A year ago, 701 Coffee — which serves vegan coffee drinks, smoothies, pastries, sandwiches and other foods — opened its doors.
When resources are limited, “you have to make those compromises,” says owner Sara Mae Brereton. “This is the way that a lot of small businesses start off, but people don’t talk about it.”
Brereton, who worked hanging drywall for 20 years, was eager to move into a career she loved. Her wife, Rachel, is still a driver for UPS during the week, but works Saturdays at the café. Their kids — ages 18, 17 and twin 14-year-olds — help out too.
The family sold most of their belongings when they moved to the studio, and slowly began purchasing the café items they needed.
Brereton says that she sometimes goes to other coffee shops when she needs a little space to get work done, but that the upsides to living in tight quarters outweigh the challenges.
“We have this idea in America that we need all of this space,” she says. “As stressful as it is sometimes for all of us, there is something about waking up in the morning and the heat is off, even in winter, and everybody’s body heat is warming the room, and everybody is here.
“I’m not saying I want to continue this,” she says, “but there’s an experience we get to have being in this confined space, a closeness that is not there in a three-bedroom apartment.”
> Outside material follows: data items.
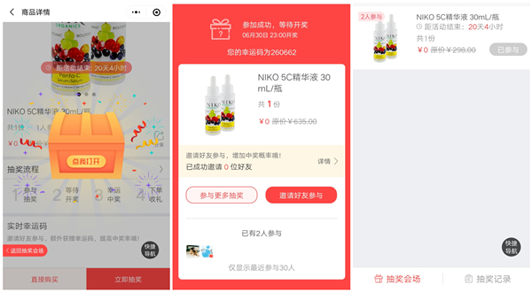 幸運抽獎工具產(chǎn)品介紹:抽獎給用戶一份驚喜,在線抽獎也大量用于社群促活,分享抽獎還能得到多個抽獎碼,大大提高了用戶分享的動力,從而達(dá)到裂變的效果。![]() |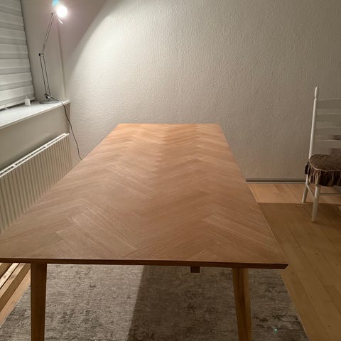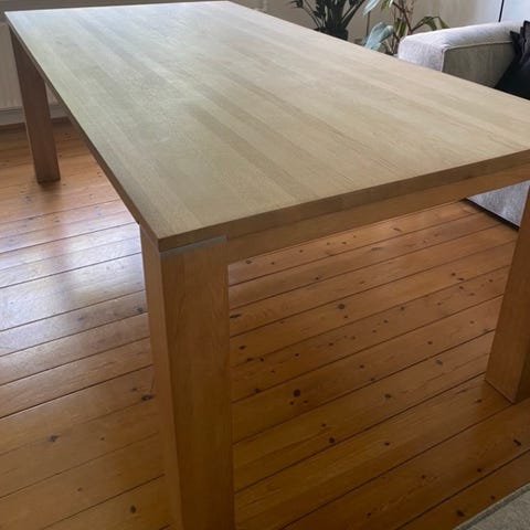 Langt ellipseformet spisebord i valnød/olie. Bordet er fra møbelfirmaet Axelsen. Det sidder behageligt 8-10 personer. Bordet er i god stand, med tegn på brug. Bordpladen er 3 cm tyk og kan nemt slibes ned og så er bordet som nyt igen. Der er 4 firkantede stålben med valnød 9,5x9,5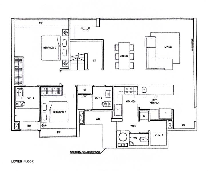 * Lower level: living, dining, study corner, 1 master ensuite, 1 common room, store area, helper's room, kitchen, internal stairs to upper level.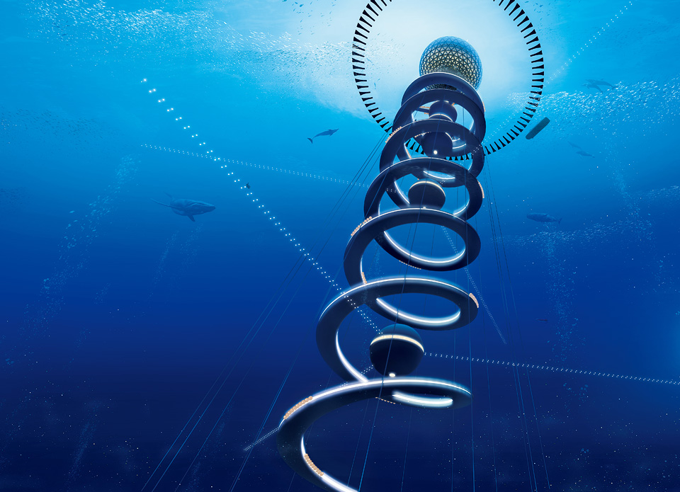 海上から深海までをスパイラル(らせん)状につなぐ深海都市です。深海には、食糧や海底資源などが豊富にあり、私たちが直面している、食糧や水、エネルギーや資源、CO2削減などの問題を解決する大きな可能性が秘められています。深海の持つ恵みを活用する都市を目指す構想です。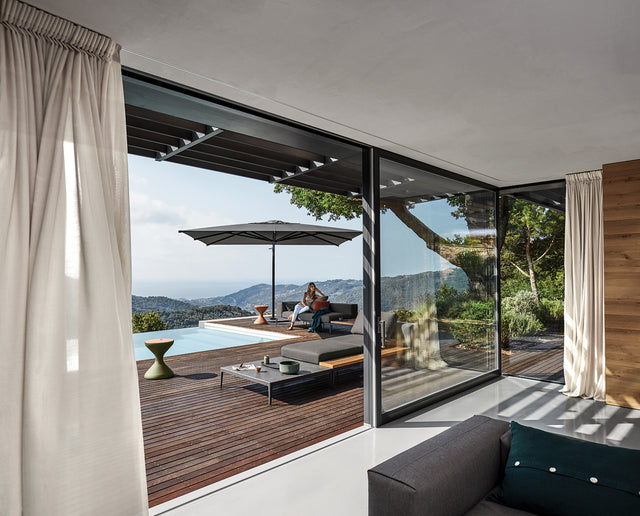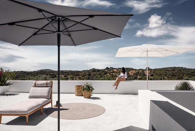 Unser Dürsten nach Sonne geht einher mit der Notwendigkeit, uns mitunter vor ihr zu schützen. Designer Henrik Pedersen erhebt mit seiner Serie “HALO Parasol” das Thema Sonnenschirm auf ein neues ästhetisches Niveau: Voller Eleganz trotzen die robusten pulverbeschichteten Aluminiumkonstruktionen mit widerstandsfähigen Sunbrella-Bespannungen den Elementen. HALO kommt als klassischer Mittelmastschirm oder als praktischer Freiarm- bzw. Ampelschirm, jeweils in unterschiedlichen Größen und wie gewohnt zeitlos-eleganten Farben.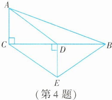 4. 如图,在 $ \triangle ABC $ 中,$ \angle ACB = 90^{\circ} $,$ D $ 是 $ BC $ 的中点,$ DE \perp BC $,$ AC = DE $。若 $ AC = 3 $,$ CE = 5 $,则 $ \triangle CEB $ 的周长为

The business got off to a strong start, Brereton says, and was welcomed by the community, which includes Garfield High School, kitty-corner from the café. They were serving up to 80 customers a day, but the business has taken a serious hit recently due to a road construction project that’s tearing up 23rd Avenue.
The family had hoped they’d soon be able to move out of the studio and turn it into a bakery and area to prepare their homemade chai, but that plan is on hold. The Breretons and other business owners suffering due to the road project are asking the city for financial help.
Brereton is hopeful that the café will survive and they’ll earn enough to find a larger home. “Everyone is looking forward to moving into a bigger place eventually,” she says. “I said when we do, everyone is going to feel a little lonely.”